Max_Snyper, You're right. Even I was little carried away as you know CPU architecture is my field of interest. This is my last post regarding it. Tomorrow, I'll be moving all the related posts to Bulldozer Discussion thread. BTW, please have a look at my explanation and share your opinion if you wish.


Extreme Gamer; Yes, OS can see the CPU cache, but inside the Cahce how data is placed, in what sequence or if cache is full what line items are needed to be deleted and write back to memory is handled by CPU hardware logic, not by OS. Cache, present inside CPU die is entirely managed by CPU hardware logic which implements different hardware logic for efficiency like LRU algorithm for cache cleaning, Cache coherency problem resoving hardware etc. To OS, Cache operation is a Blackbox view.
I hope you know what blackbox view is, it means in a module you send the requested inputs and you will get the output without interfering or knowing the actual mechanism how the output is produced. In my previous post I've mentioned it, I never mention that OS is not aware of Cache.

And one thing...Thread assignment is never done on the base of Cache handling algorithm.

For example the L2 cache of a core in a HT enabled Nehalem CPU like i7 920/960, is although shared by two hyperthreaded logical cores, it is partitioned statically to keep any one thread from monopolizing all the resources. It is same like Bulldozer where the L3 cache is staically partitioned, 2 MB/per module.

But in Sandybridge, two logical cores of a physical core can access any position of the shared L2 cache as the division is dynamic, decided by the hardware Logic at run time. It is same as the 2 MB L2 cache per module in Bulldozer, shared dynamically by both the cores.

So you see, the shared cache mechanism is completely different in Nehemiah and Sandy-bridge HT processors, but does it poss any challenge for the OS to assign two tightly coupled threads into the two logical cores of a physical one? The answer is no. Because the entire thing is handled by the Cache management logic of the CPU.

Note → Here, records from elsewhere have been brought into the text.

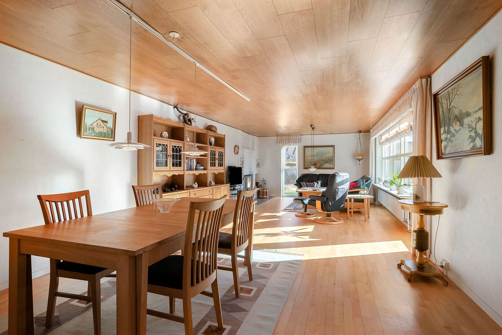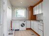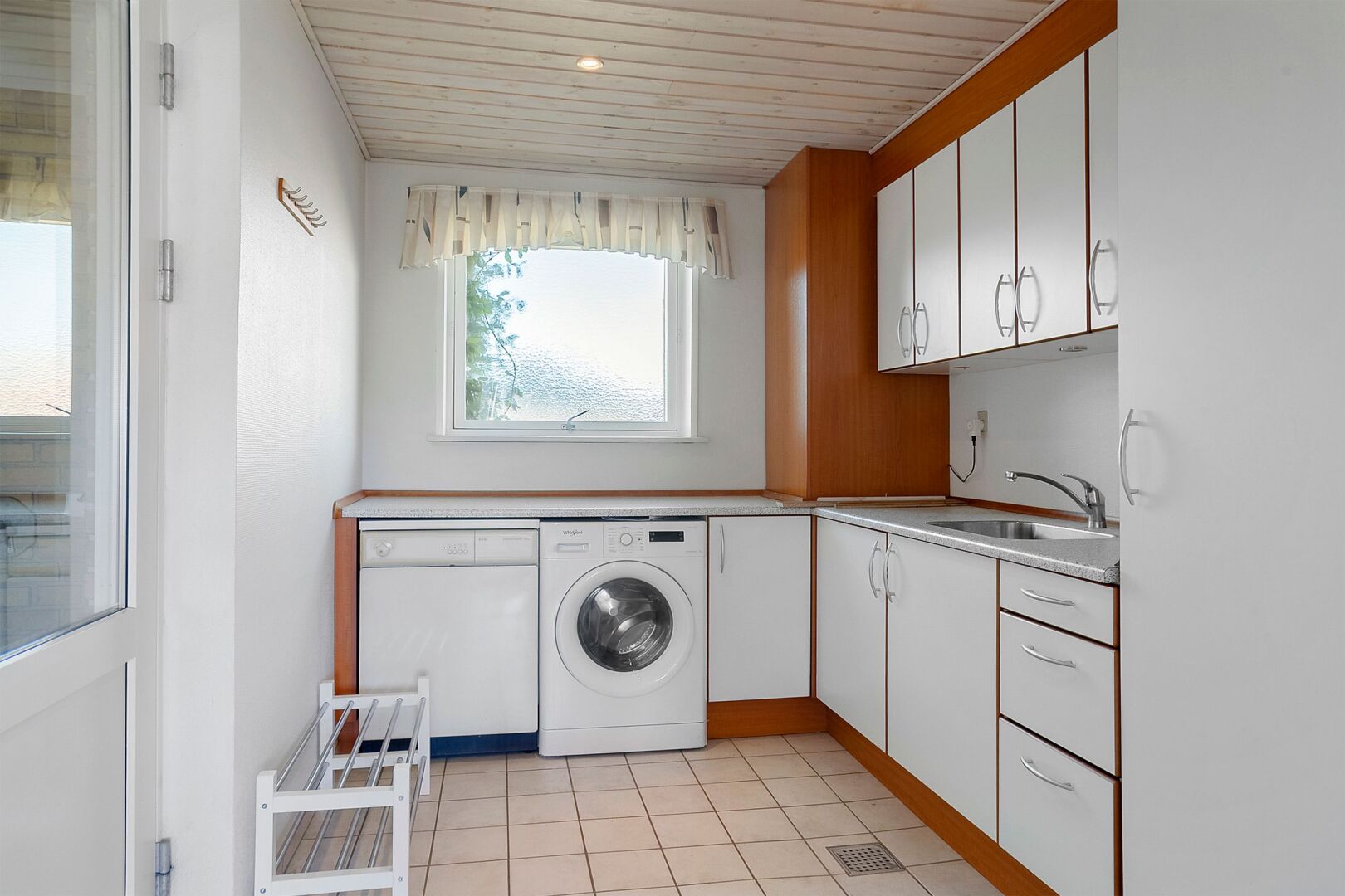 Villaen indeholder et funktionelt bryggers med klinkegulv, vask og plads til både vaskemaskine og tørretumbler. Husets naturlige samlingspunkt er køkkenalrummet med et stort skydedørsparti mod terrassen, som sikrer et skønt lysindfald og direkte udgang til den flisebelagte, delvist overdækkede terrasse. Herudover en rummelig opholdsstue med brændeovnsindsats og stort sydvendt vinduesparti med terrassedør.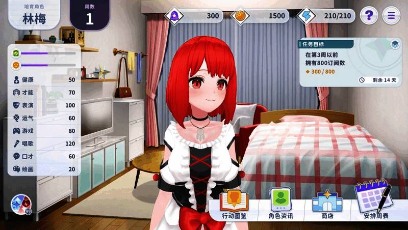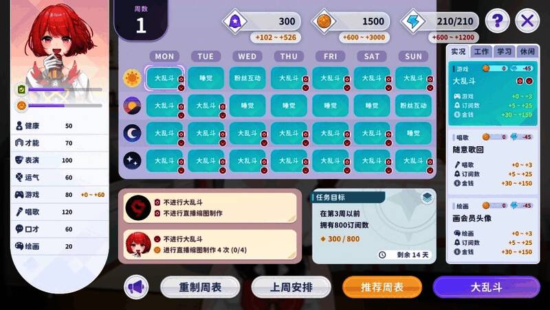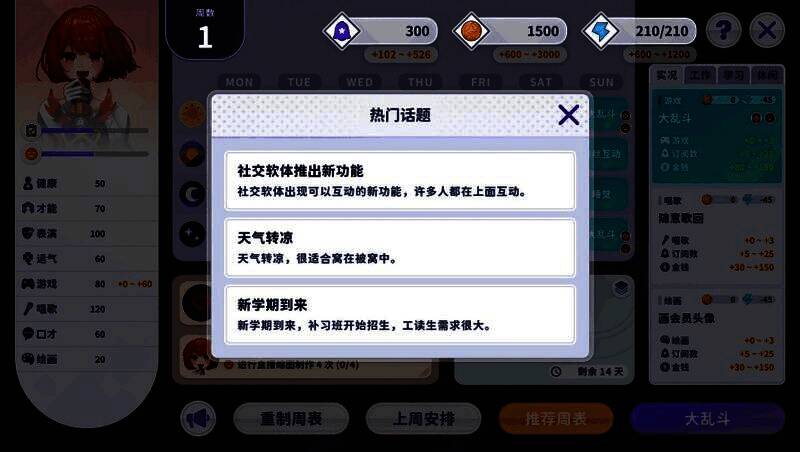 游戏玩法融合了行程管理、事件应对与长期目标达成三大核心系统。玩家需合理规划每日行程,包括安排直播内容(如游戏实况、才艺表演)、技能培训与休息恢复,以平衡角色体力与粉丝期待值。面对突发事件如设备故障或网络争议,需通过对话选项进行危机公关,直接影响主播心态与观众反馈。同时,游戏引入阶段性目标体系,如达成特定订阅数、提升直播评分等,推动主播逐步迈向“Vtuber大师”的终极称号。借助“同学帮助”等社交机制,进一步提升培养效率,增强策略深度。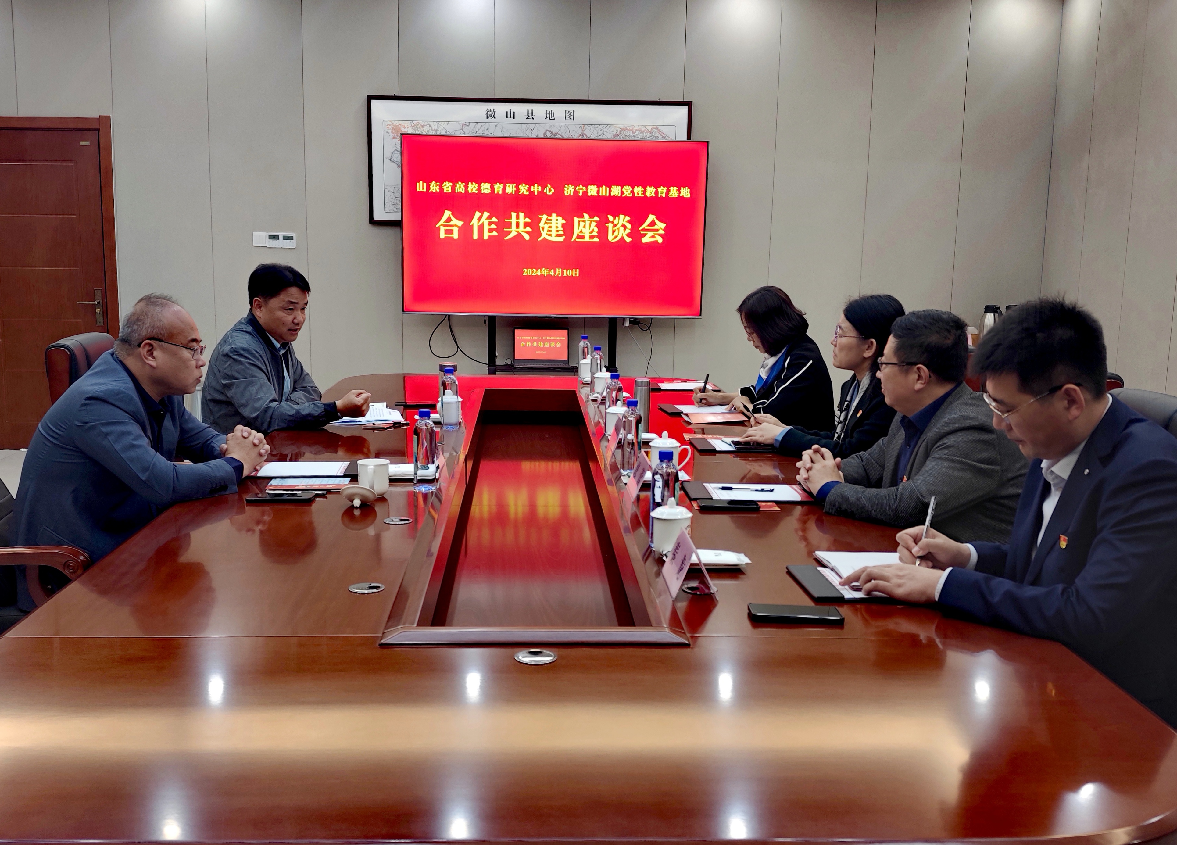 4月10日,山东省高校德育研究中心与济宁微山湖党性教育基地合作共建座谈会在济宁微山召开。山东省高校德育研究中心主任修蕾、山东师范大学直属单位党委书记孙芙蓉、山东省高校德育研究中心副主任徐稳,微山县政协副主席王志刚、微山湖党性教育基地主任刘维出席活动。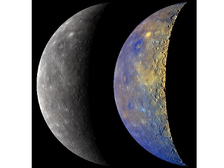 Mercury’s Surface Highly cratered with smooth terrains. Relatively ancient, volcanic surface. Similar to Earth’s Moon, but fewer craters and more “plains”. Geologically longer active than Moon? Plains mostly lava or impact ejecta?

Actually one Bulldozer module lies within a True Dual Core module and a SMT enabled mdoule. It does have some independent unit, mainly the Integer execution unit and some shared unit, like the Front-end (Fetch/Decode, OOO) and the FPU.
What you are saying, treating them as one module rather than two separate cores, will come with Windows 8.
Consider the example and please make sure you read it:-
Suppose we have two Thread T and T1 which are tightly coupled. So they share a lot of common resources and interdependent instructions. Now consider a Dual Module Bulldozer, having module M1 with C1 and C2, M2 with C3 and C4.

To windows 7, there is no existence of M1 and M2, it only sees C1, C2 C3 and C4 as 4 independent cores and assign T to C1 and T1 to C4.
Now whenever C1 faces an instruction from T which is dependent upon some instruction(s) of T2, it has to stall it, push it to the waiting queue C4 completes the instructions in T1 and write it back to L3 cache, if it is available. Then C1 has to read that value from L3 cache and process with the dependent instruction.
So it will waste lots of valuable CPU cycles because:

1. L3 cache is far slower than faster L2 cache which is nearer to CPU.

2. C4 does not have any knowledge that execution of the specific instruction from the instruction queue of T1 cache in the 1st place will fasten the execution of T thread in C1, even if it can do it.

3. C1 and C4, as they belongs to the different modules, have different Frontend (Fetch/Decode/Out of Order Execution). As they don't have any knowledge of the state of the other core, their out of Order logic cannot reschedule the instructions accordingly to fasten the execution of both the threads.

4. Although T and T1 are interrelated, they are placed in two different module s. But since they are interrelated, the single threaded performance of each of the module is poor due to loss of valuable CPU cycles. But the worst thing is:-As the threads are using all the CPU resources or both the module, Turbo boost will be disabled to kick up the single threaded performance.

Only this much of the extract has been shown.